Rode my bike some too, but that was mostly dark.


----------



## gutfiddle (Apr 27, 2006)

i like ur style Sledgehammer!


----------



## singlecross (Nov 1, 2006)

*January Downeast... lots of skiing*

Here's what it looked like Downeast... skiing with my son looking for moose... sledding with my daughter the alien... skiing with my wife... skiing by myself. Did I mention that the skiing has been great? Biking? Not so much... even with studs. Although I did just finish a new-to-me bike build in the basement for the Spring Classics season in a few months...Drool...

singlecross


----------



## wooglin (Feb 22, 2002)

gutfiddle said:


> i like ur style Sledgehammer!


Ditto.
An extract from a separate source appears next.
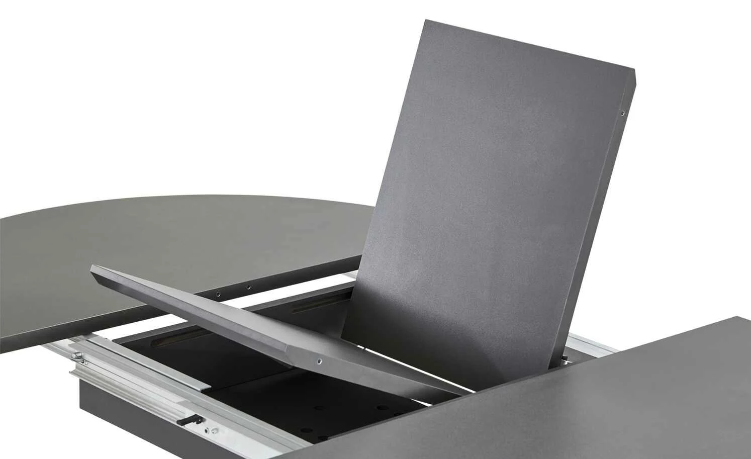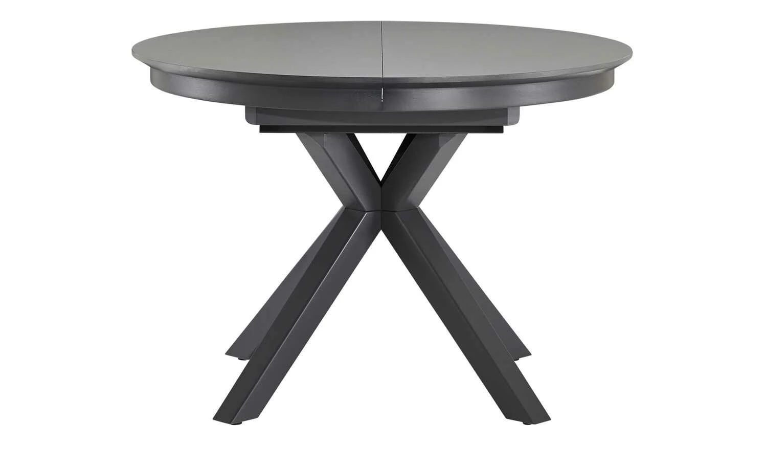 Die Marke Berger & Rath steht für formvollendetes Design und hohe Qualität. Das beste Beispiel: Der Esstisch Xeno. Die Oberflächen von Xeno sind matt lackiert und schimmern in einem edlen Anthrazit-Ton. Die runde Tischplatte bietet bei einem Durchmesser von 110 Zentimetern ausreichend Platz für bis zu vier Personen. Durch eine integrierte Klappeinlage kann Xeno um zwei Plätze erweitert werden. Der eingebaute Synchronauszug ist leicht zu bedienen und verlängert die Tischfläche auf 155 Zentimeter. Im Gegensatz zu anderen Säulentischen wirkt Xeno durch seine spezielle Tischbeinform geradezu zierlich. Der ausziehbare Esstisch lässt sich mit zahlreichen Einrichtungsstilen kombinieren.

But directed at singlecross.


----------



## YuriB (Mar 24, 2005)

.....


----------



## Cogito (Nov 7, 2005)

One week in January. 300 miles.


----------



## gutfiddle (Apr 27, 2006)

Cogito said:


> One week in January. 300 miles.


whoa. very nice.


----------



## MB1 (Jan 27, 2004)

Cogito said:


> One week in January. 300 miles.


Maui!

Wowie!


----------



## yetisurly (Sep 30, 2005)

*recovery ride*

just one.


----------



## MB1 (Jan 27, 2004)

yetisurly said:


> just one.


It must have been darn cold for you to be wearing full finger gloves like that.


----------



## yetisurly (Sep 30, 2005)

MB1 said:


> It must have been darn cold for you to be wearing full finger gloves like that.



wool socks too! It was January! It must have been 55 or so.


----------